Published 22 Feb 2012 in cs.GT

Abstract: We investigate the design of mechanisms to incentivize high quality in crowdsourcing environments with strategic agents, when entry is an endogenous, strategic choice. Modeling endogenous entry in crowdsourcing is important because there is a nonzero cost to making a contribution of any quality which can be avoided by not participating, and indeed many sites based on crowdsourced content do not have adequate participation. We use a mechanism with monotone, rank-based, rewards in a model where agents strategically make participation and quality choices to capture a wide variety of crowdsourcing environments, ranging from conventional crowdsourcing contests to crowdsourced content as in online Q&A forums.

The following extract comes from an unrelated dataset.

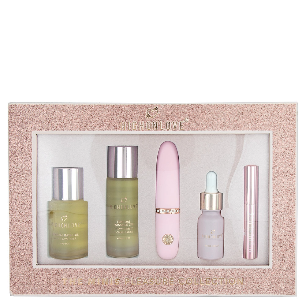 The High On Love The Minis Pleasure Collection allows you to treat yourself (or someone else) to the ultimate pleasure experience. This best-seller set helps to relax and pamper your skin with the Sensual Bath Oil in the fragrance Sweet Lavender and the Sensual Massage Oil Strawberries & Champagne fragrance. Then, elevate your foreplay game with the High On Love Plumping Couples Lip Gloss. This gloss not only helps to plump the lips but also gives a tingling sensation that transfers to wherever you kiss. The High On Love The Minis Pleasure Collection also includes the High On Love Sensual Stimulating Oil. This oil helps to boost blood flow and promote the production of natural lubricants, helping to banish discomfort and increase pleasurable sensations. Pair that with the CalExotics Mini Wand Silicone Bullet Vibe to take your pleasure to the next level! This beautifully bedazzled Silicone Vibrator features a USB charging port and 10 speed settings, making this ideal for solo use or during intimate moments. The High On Love The Minis Pleasure Collection is the perfect gift for yourself or someone special in your life.

We first explicitly construct the unique mixed-strategy equilibrium for such monotone rank-order mechanisms, and use these participation probabilities and quality distribution to address the design of incentives for two kinds of rewards that arise in crowdsourcing. We first show that for attention rewards as in crowdsourced content, the entire equilibrium distribution improves when the rewards for every rank but the last are as high as possible. In particular, when producing the lowest quality content has low cost, the optimal mechanism displays all but the worst contribution. We next investigate settings where there is a total reward that can be arbitrarily distributed amongst all participants, as in crowdsourcing contests. Unlike with exogenous entry, here the expected number of participants can be increased by subsidizing entry, which could potentially improve the expected quality of the best contribution. However, we show that free entry is dominated by taxing entry- making all entrants pay a small fee, which is rebated to the winner along with whatever rewards were already assigned, can improve the quality of the best contribution over a winner-take-all contest with no taxes.